THE MAIN news this time around is about H-P, so we'll begin with that.


Here is the press release which kick-started the enthusiasm.

The first-of-its-kind Mozilla Firefox for HP Virtual Solution was developed with Symantec and Mozilla for HP customers. The solution uses the standard release of Mozilla Firefox with a Symantec Software Virtualization Solution layer that allows customers to use the Internet productively while keeping business PCs stable and easier to support.

As customers surf the web, changes made to the PC are contained in a "virtual layer," separate from the operating system, and do not permanently alter the machine. Customers can therefore reset the browser as needed, instantly returning the PC to its last-known good state.

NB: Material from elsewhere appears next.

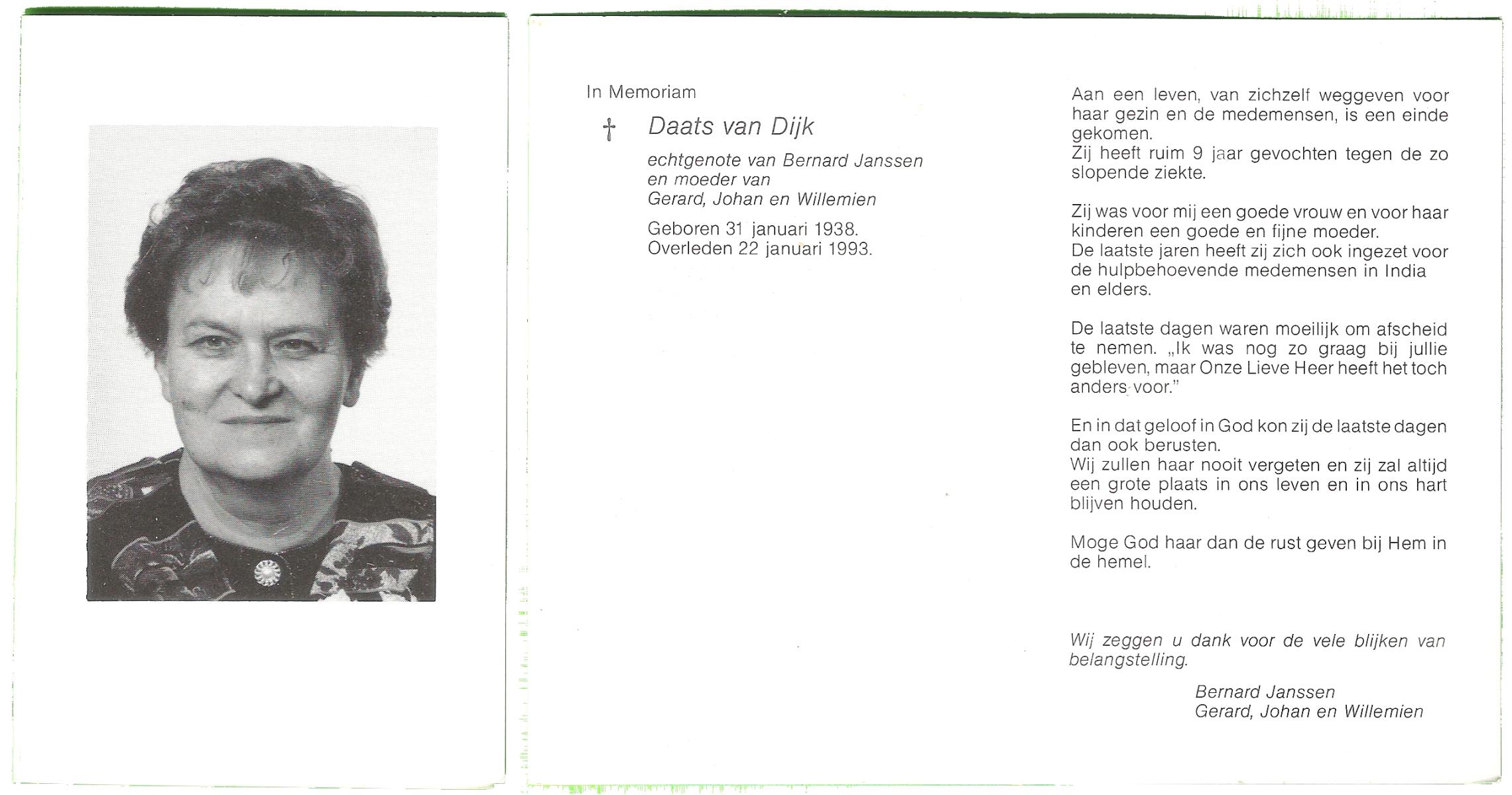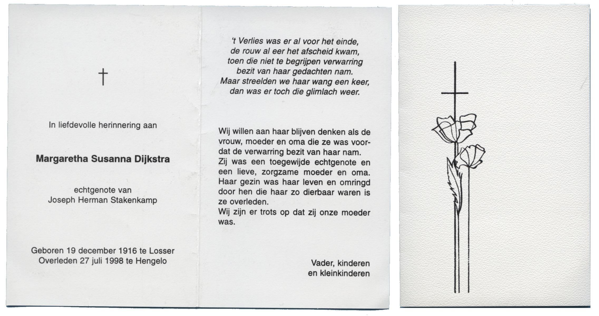 DIJKSTRA, Margaretha Susanna, geboren op 19-12-1916 te Losser, overleden op 27-7-1998 te Hengelo (Ov.) op 81-jarige leeftijd.

Here is a lot of the coverage that followed (mostly from the press):

[1] HP Introduces New Desktop Offering With SUSE Linux Enterprise Desktop From Novell - Quick Facts

ednesday, Hewlett-Packard Co. (HPQ: News ) said it introduced a new desktop offering with SUSE Linux Enterprise Desktop from Novell on the HP Compaq dc5850. The offerings are designed to help small businesses enhance their productivity and ease their management of technology.

[2] HP preinstalls Linux on SMB desktop

HP and Novell today jointly announced that HP will pre-load Novell's SUSE LInux Enterprise Desktop (SLED) on its Compaq dc5850 desktop PC for small and medium-sized businesses (SMBs). Additionally, Novell announced it will maintain a repository of educational software for SLED users, including dc5850 buyers.

This was the article cited by Novell's PR blog.

[3] HP Bringing Linux To Its Business Customers

Hewlett-Packard has announced this morning they will be introducing Linux as an operating system choice for business desktop customers. HP will start by offering SuSE Linux Enterprise Desktop starting with their HP Compaq DC5850 SFF PC, which is an AMD-powered system that will only cost $519 USD.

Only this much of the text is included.